A judge has ruled stop-and-frisk unconstitutional and racist. But will it stop?

A federal judge‘s ruling has finally affirmed what activists in New York City have been saying for years: The New York City Police Department (NYPD) policy of “stop-and-frisk” is legalized racial profiling and harassment. The long-awaited decision came in response to a lawsuit by eight plaintiffs challenging the constitutionality of stop-and-frisk. But more fundamentally, it was the product of an activist movement that has for years highlighted the racist implications of this policy. The longstanding campaign to stop “stop-and-frisk” gained new momentum in the aftermath of high profile cases of police brutality and murder.

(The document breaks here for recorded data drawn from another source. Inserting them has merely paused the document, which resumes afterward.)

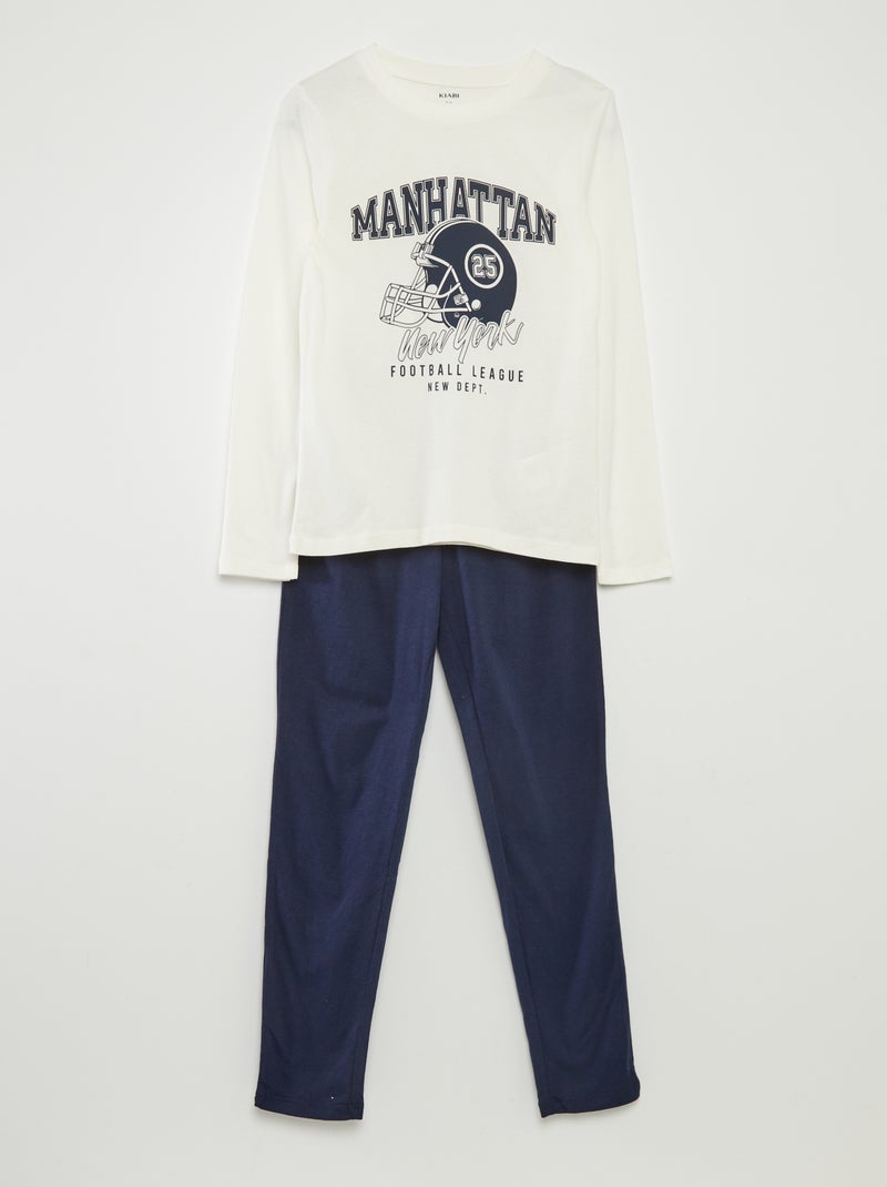 Pyjama long en jersey avec imprimé - 2 pièces - Blanc/marine
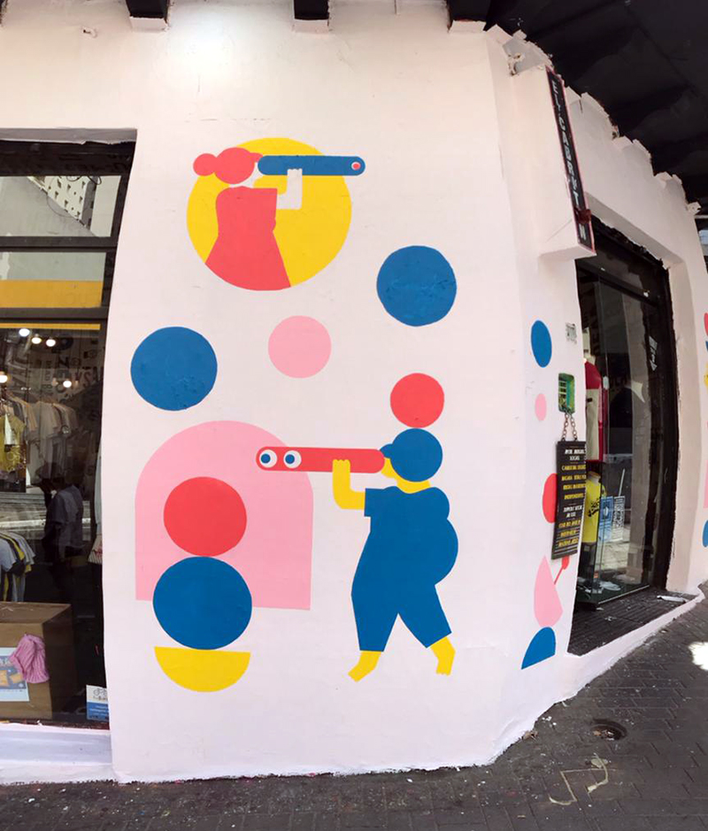 Agora, no mural da El Cabriton, estou fazendo o processo completo, desde a concepção da ideia até a execução, e percebo que uma das dificuldades é adaptar a técnica digital para a tinta e o pincel, assim como repassar uma arte em formato A3 para uma parede toda. É um desafio! Mas é muito satisfatório quando você começa a ver a imagem sendo formada nas paredes.
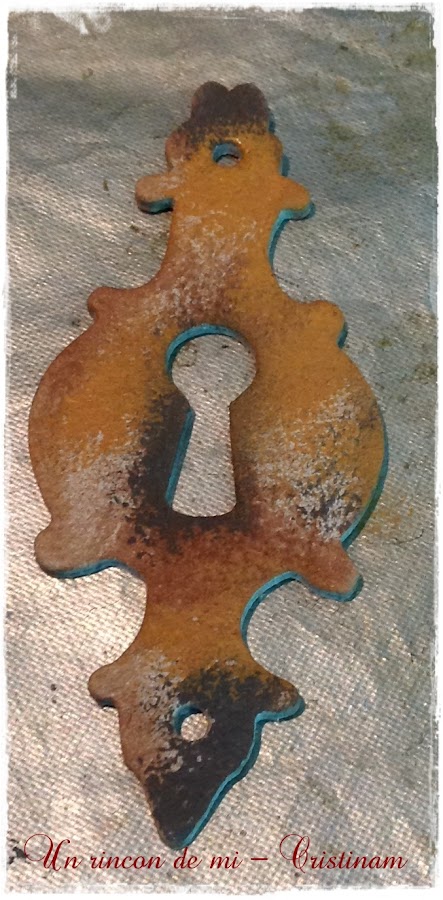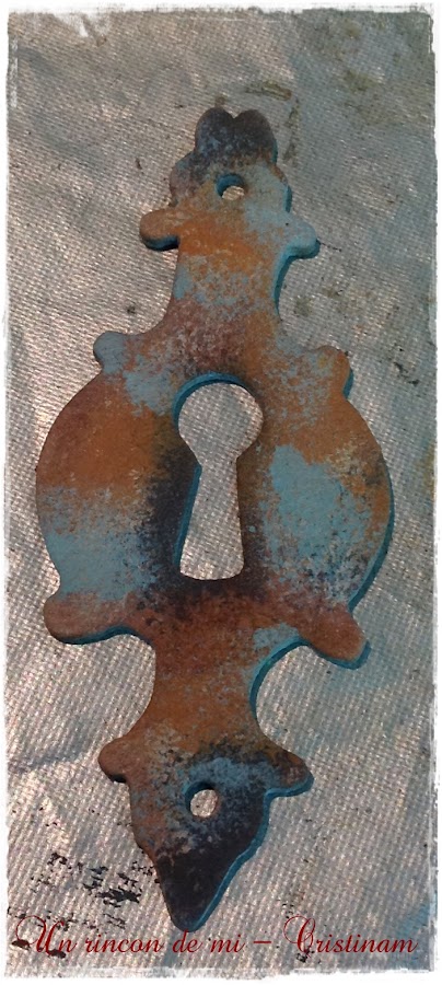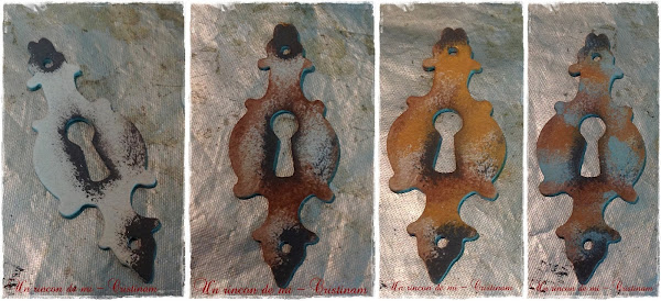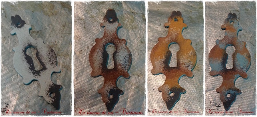 Ahora vuelvo a repetir todo el proceso , de tal modo que los colores se van integrando juntos y va tomando el aspecto de una pieza metálica oxidada.
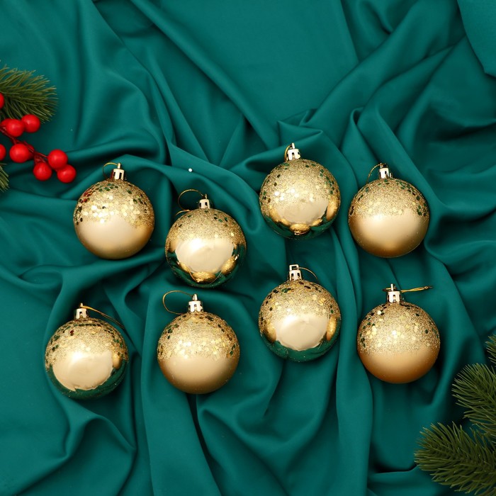 Ёлочные игрушки «Волшебство», пластиковые, набор 8 шт., d=5.5 см, золотистый
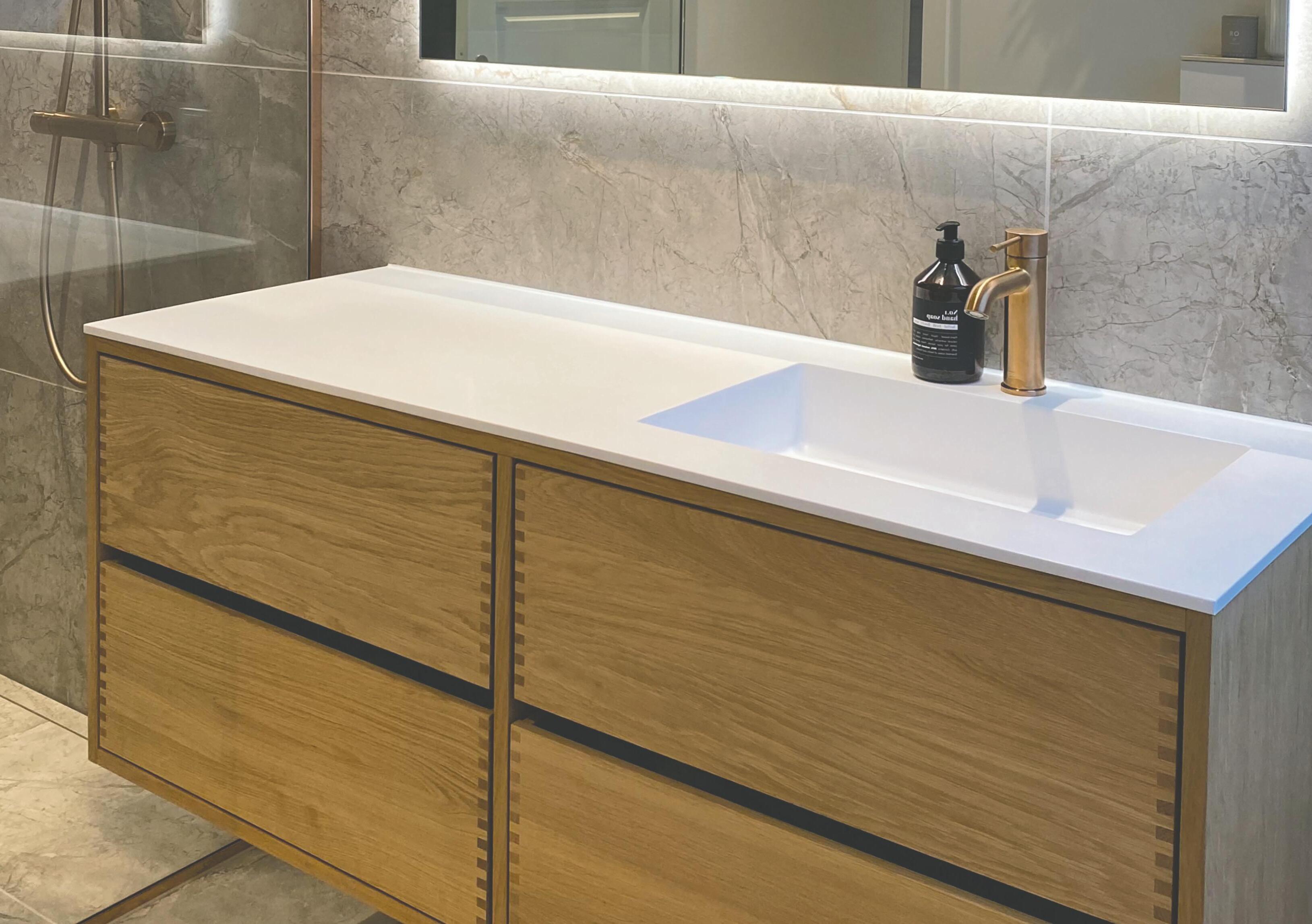 Et snedkermøbel i eg med flotte detaljer, giver en smuk kontrast til de typiske hårde og rene overflader, vi normalt indretter vores badeværelser med. Med NATUR får du en perfekt kombination af kvalitet, æstetik og funktionalitet, der med garanti vil bringe glæde og velvære! NATUR snedker badmøbler mange forskellige standardstørrelser fra bredde 45cm og op, samt smukke høj- og sideskabe.
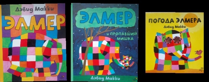 Знакомство наше началось с трех замечательных книг: ' Элмер", " Элмер и пропавший мишка" и книжки - картонки "Погода Элмера".
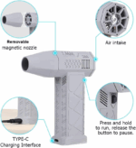 منفاخ الهواء يشتغل بمحرك قوي يوصل سرعته لـ 110,000 RPM، يعني ينفخ أي شي بثواني قليلة، من إطارات السيارات إلى الألعاب القابلة للنفخ، وحتى الغبار اللي بالمناطق الصعبة.
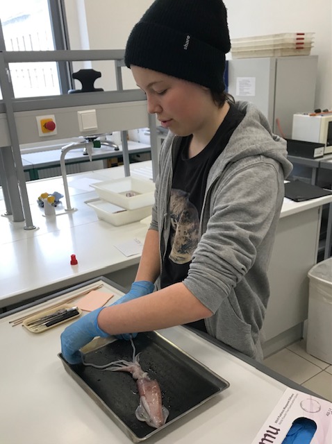 Woraus besteht Tinte? Lässt sich aus einem Tintenfisch die Tinte herausholen? Beim Sezieren eines Kalmars wurde der Tintenbeutel isoliert und die schwarze Tinte gleich zum Schreiben verwendet. Aber auch interessante Infos zu Geheimtinte waren in dieser Station zu entdecken.

In February of 2012, unarmed African American teenager Ramarley Graham was gunned down in his bathroom by NYPD officers claiming they saw a gun in the waistband of his pants. This case helped to mobilize thousands of New Yorkers to take to the streets more than a year ago to oppose the policy. The murder of Trayvon Martin just days after Ramarley's death sparked a national discussion about the perils of racial profiling and the impact on young African-American men. All of this contributed to an atmosphere where stop-and-frisk could no longer go unchallenged.

According to a report by the Center for Constitutional Rights, between 2004 and 2012, more than 4 million people were stopped, and in less than 6 percent of those stops was an arrest made. More than 80 percent of those 4 million people were African American or Latino, raising the cry from those communities that stop-and-frisk was officially sanctioned racial profiling.